“I fancy it is the tail-end of the hurricane,” said Mr Marline. “It is a very lucky thing we wore ship in time.”
“Lucky, you call it?” rejoined Captain Miles gravely, eyeing the foremast anxiously the while, fearful of anything being carried away, when we would be left to the mercy of the cruel waves. “Man alive, it is only through the mercy of Providence that we are not now sunk fathoms deep below the sea!”
Chapter Thirteen.
On our Beam-Ends.
Up to now, although we had experienced bad weather for two days and the special gale before which we were driving had lasted some eighteen hours at a stretch, no serious accident had happened on board, the Josephine being as sound and staunch in every way as when she left port, with the exception of losing her mainsail and having her rigging, perhaps, rather tautly stretched.

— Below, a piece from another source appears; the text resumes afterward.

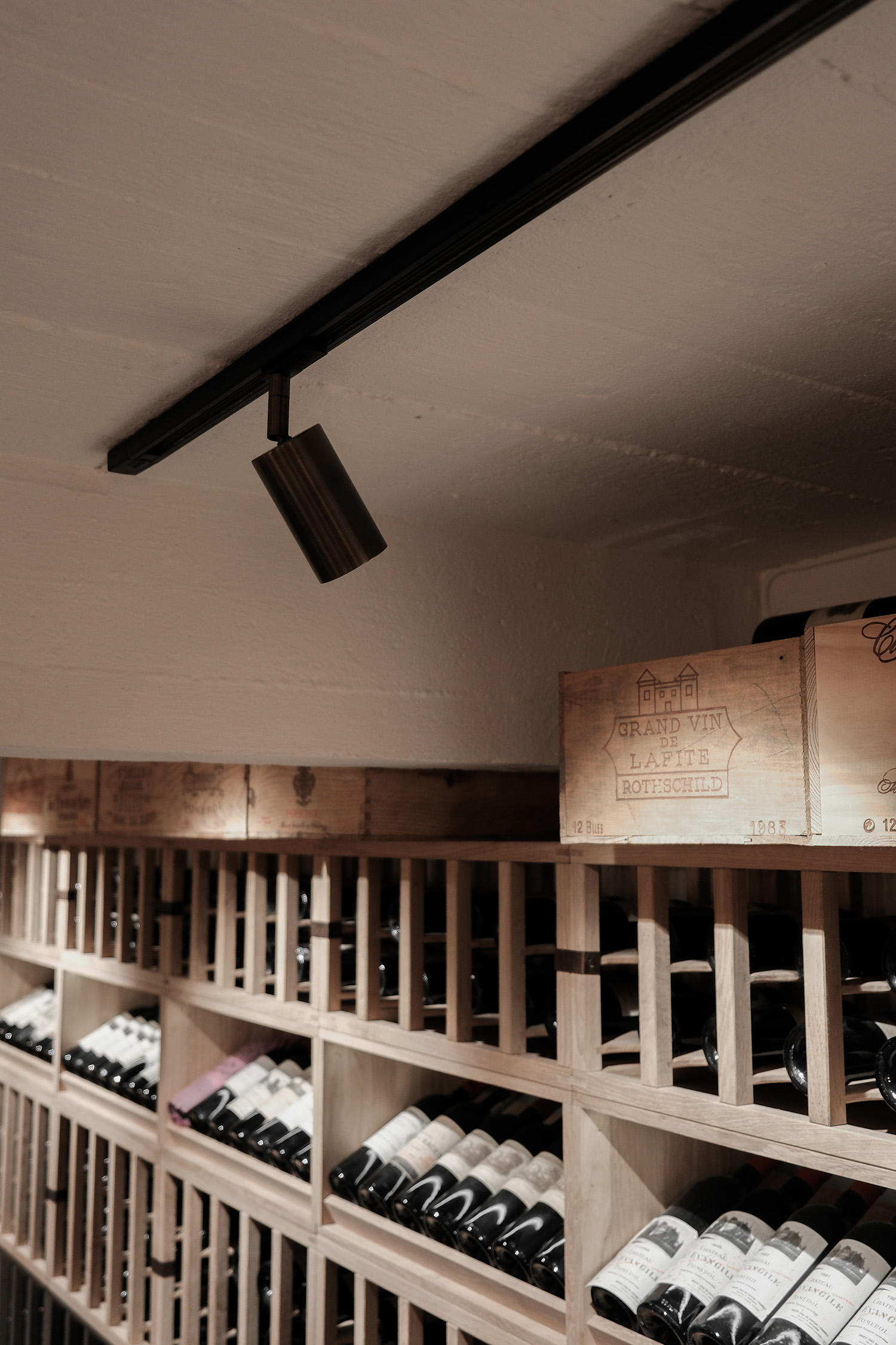 Den kipbare 60/100 Track spot fra Faustlight giver mulighed for at justere lysretningen individuelt for hver spot på skinnen. For at supplere den tekniske belysning har vi desuden tilføjet de rustikke London pendler fra italienske Il Fanale, som passer til vinkælderens øvrige interiør.

The galley fire had been put out once or twice by the heavy seas which we took in over the bows, but Cuffee, with the cordial co-operation of his brother darkey, Jake, was easily able to light this again; and the men, having their rations regularly and little or no work to do—save taking their trick at the wheel, when four would have to go on duty together at once—had nothing to grumble at. Everything, indeed, proceeded comfortably enough while the ship was scudding first one way and then the other—“doing diagonals,” as it were, across her latitudes!
Down below in the cabin all had been what sailor’s term “a hurrah’s nest” ever since the gale began, the loose water knocking about the decks having washed all sorts of odds and ends together and kept us always wet; while the rolling of the vessel from side to side, like a pendulum, as she ran before the wind had smashed most of the crockery-ware and glasses in the steward’s pantry, besides causing the benches round the saloon table and the chairs to fetch away from their lashings.
For days past, our meals had resembled amateur picnics more than anything else—whenever we were able to get them, that is, the old regularity of breakfast and lunch and dinner being completely abolished; for the captain and Mr Marline and myself had to take odd snacks and stray bites at various hours whenever opportunity and appetite allowed their indulgence.